|
xrpld
|

The moment-to-moment health of the XRP Ledger network depends on the health and connectivity of a small number of computers (nodes). The most important nodes are validators, specifically ones listed on the unique node list (UNL). Ripple publishes a recommended UNL that most network nodes use to determine which peers in the network are trusted. Although most validators use the same list, they are not required to. The XRP Ledger network progresses to the next ledger when enough validators reach agreement (above the minimum quorum of 80%) about what transactions to include in the next ledger.
As an example, if there are 10 validators on the UNL, at least 8 validators have to agree with the latest ledger for it to become validated. But what if enough of those validators are offline to drop the network below the 80% quorum? The XRP Ledger network favors safety/correctness over advancing the ledger. Which means if enough validators are offline, the network will not be able to validate ledgers.
Unfortunately validators can go offline at any time for many different reasons. Power outages, network connectivity issues, and hardware failures are just a few scenarios where a validator would appear "offline". Given that most of these events are temporary, it would make sense to temporarily remove that validator from the UNL. But the UNL is updated infrequently and not every node uses the same UNL. So instead of removing the unreliable validator from the Ripple recommended UNL, we can create a second negative UNL which is stored directly on the ledger (so the entire network has the same view). This will help the network see which validators are currently unreliable, and adjust their quorum calculation accordingly.
Improving the liveness of the network is the main motivation for the negative UNL.
In order to determine which validators are unreliable, we need clearly define what kind of faults to measure and analyze. We want to deal with the faults we frequently observe in the production network. Hence we will only monitor for validators that do not reliably respond to network messages or send out validations disagreeing with the locally generated validations. We will not target other byzantine faults.
To track whether or not a validator is responding to the network, we could monitor them with a “heartbeat” protocol. Instead of creating a new heartbeat protocol, we can leverage some existing protocol messages to mimic the heartbeat. We picked validation messages because validators should send one and only one validation message per ledger. In addition, we only count the validation messages that agree with the local node's validations.
With the negative UNL, the network could keep making forward progress safely even if the number of remaining validators gets to 60%. Say we have a network with 10 validators on the UNL and everything is operating correctly. The quorum required for this network would be 8 (80% of 10).
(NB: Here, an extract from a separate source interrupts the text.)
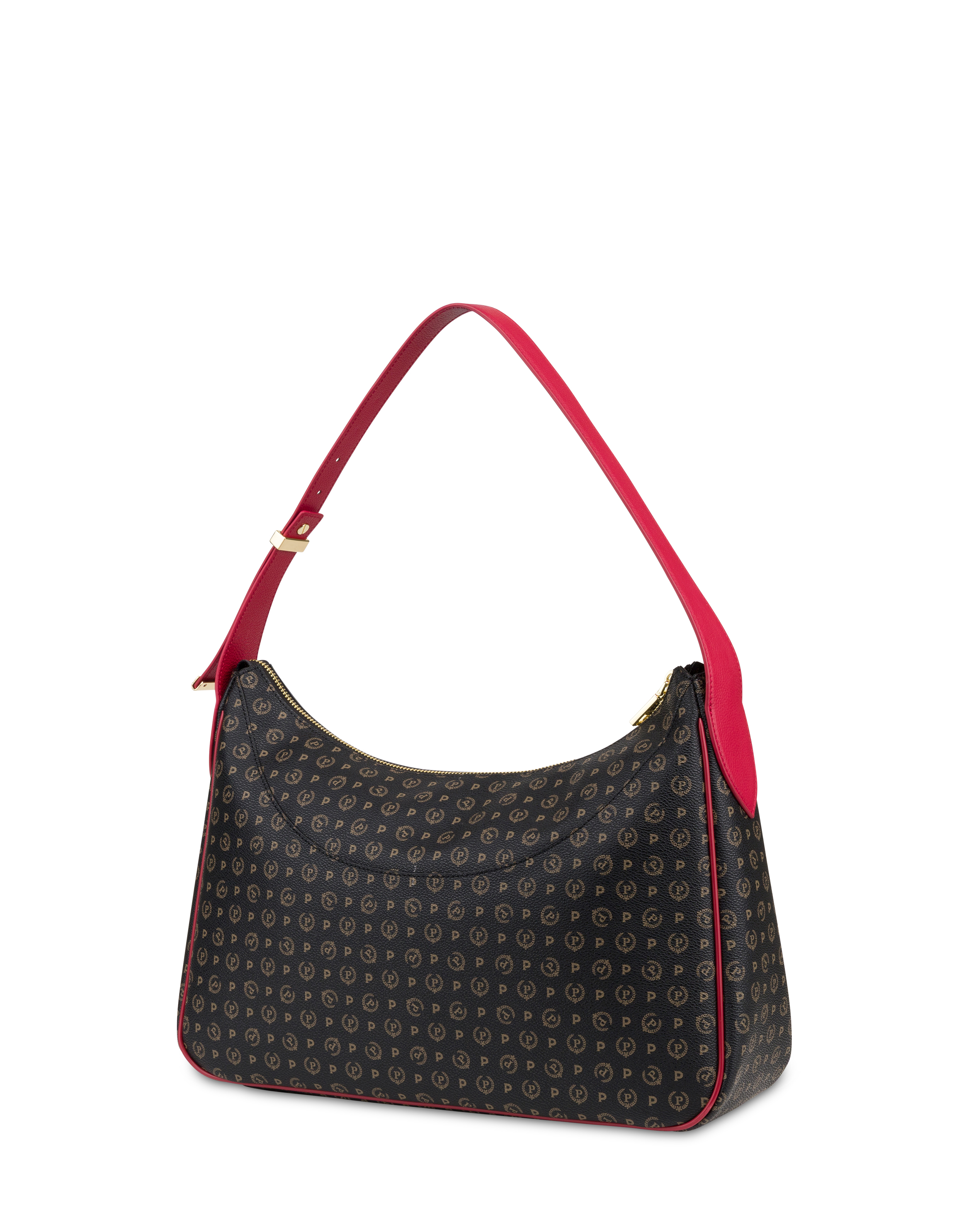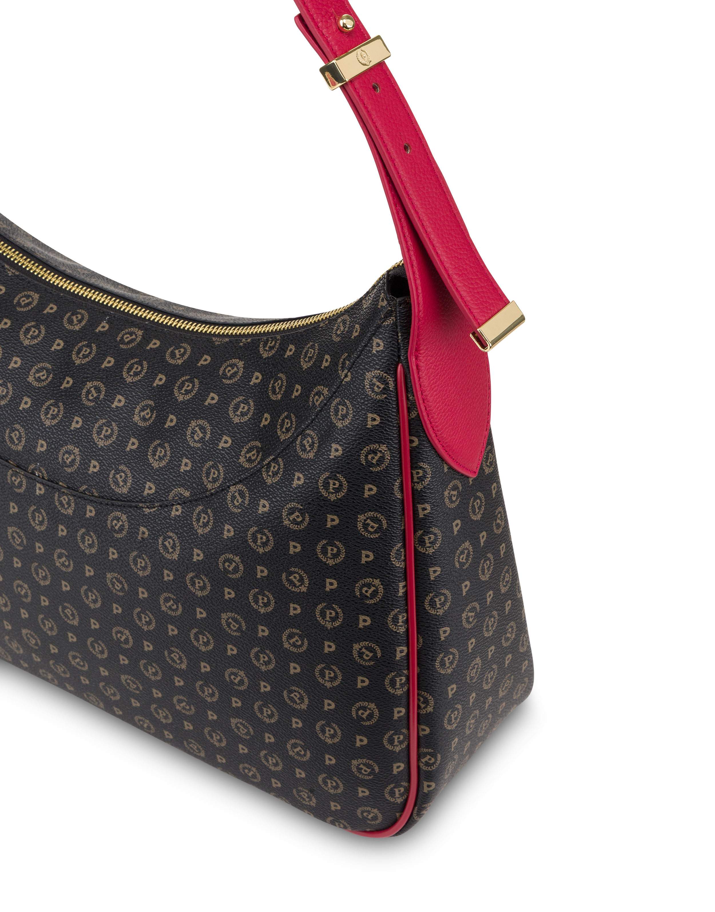 Hobo Bag dal design geometrico e contemporaneo, con manico regolabile che ne valorizza la versatilità. Gli accessori metallici logati “P” in galvanica light gold illuminano la silhouette con un tocco sofisticato. La chiusura con zip assicura praticità, mentre i manici e i profili in vitello a contrasto evidenziano l’eleganza dei colori e la cura dei dettagli, rendendo la borsa l’accessorio ideale per coniugare stile e funzionalità.

When validators fail, the quorum required would be as low as 6 (60% of 10), which is the absolute minimum quorum. We need the absolute minimum quorum to be strictly greater than 50% of the original UNL so that there cannot be two partitions of well-behaved nodes headed in different directions. We arbitrarily choose 60% as the minimum quorum to give a margin of safety.
Consider these events in the absence of negative UNL:
We're below 80% agreement, so new ledgers cannot be validated. This is how the XRP Ledger operates today, but if the negative UNL was enabled, the events would happen as follows. (Please note that the events below are from a simplified version of our protocol.)
This proposal will:
Any tools or systems that rely on the format of this data will have to be updated.
This feature will need an amendment to activate.
This section discusses the following topics about the Negative UNL design:
Every ledger stores a list of zero or more unreliable validators. Updates to the list must be approved by the validators using the consensus mechanism that validators use to agree on the set of transactions. The list is used only when checking if a ledger is fully validated. If a validator V is in the list, nodes with V in their UNL adjust the quorum and V’s validation message is not counted when verifying if a ledger is fully validated. V’s flow of messages and network interactions, however, will remain the same.
We define the *effective UNL = original UNL - negative UNL*, and the effective quorum as the quorum of the effective UNL. And we set _effective quorum = Ceiling(80% _ effective UNL)*.
A node only measures the reliability of validators on its own UNL, and only proposes based on local observations. There are many metrics that a node can measure about its validators, but we have chosen ledger validation messages. This is because every validator shall send one and only one signed validation message per ledger. This keeps the measurement simple and removes timing/clock-sync issues. A node will measure the percentage of agreeing validation messages (PAV) received from each validator on the node's UNL. Note that the node will only count the validation messages that agree with its own validations.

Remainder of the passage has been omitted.